Desogestrel Progestin-Only
Oral Contraceptive
Desogestrel is the progestin in the new pill Cerazette®, developed by Organon. It is available primarily in Brazil, Ecuador, Hong Kong, Mexico, and some countries of Western Europe (114). Organon has not decided whether to apply for US FDA approval for Cerazette (138).
Users take a daily pill containing 75 µg of desogestrel. Unlike other progestin-only pills that work mainly by making cervical mucus thicker so that sperm cannot reach the egg, desogestrel works primarily by preventing ovulation (78, 132). Also, desogestrel is unique among progestin-only pills in that a woman can take a pill as much as 12 hours late without reducing effectiveness (132). In contrast, the effectiveness of other progestin-only pills may be compromised if pills are taken as few as three hours late (based on hormone levels) (33).
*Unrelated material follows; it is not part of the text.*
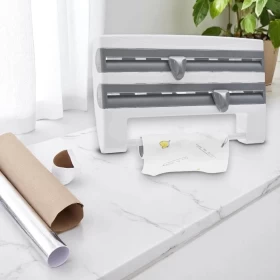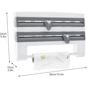 خلّي مطبخك أكثر ترتيبًا وذكاءً مع موزع المناديل الثلاثي! يوفر لك هذا الموزع العملي مكانًا واحدًا لتنظيم ورق الألمنيوم، النايلون اللاصق، والمناشف الورقية، مما يوفر المساحة والوقت. تصميمه الجداري يساعد على التخلص من الفوضى ويجعل كل شيء في متناول يدك. شكله الأنيق باللون الأبيض والرمادي يضيف لمسة عصرية لأي مطبخ.

In clinical trials there were about 0.2 pregnancies per 100 women (2 pregnancies per 1,000 women) using desogestrel correctly in the first year of use, a rate similar to that of combined OCs (51). Some researchers, however, question whether there is enough evidence to say that desogestrel is as effective as combined OCs, because sufficient clinical trials directly comparing desogestrel and combined OC have not been completed (72).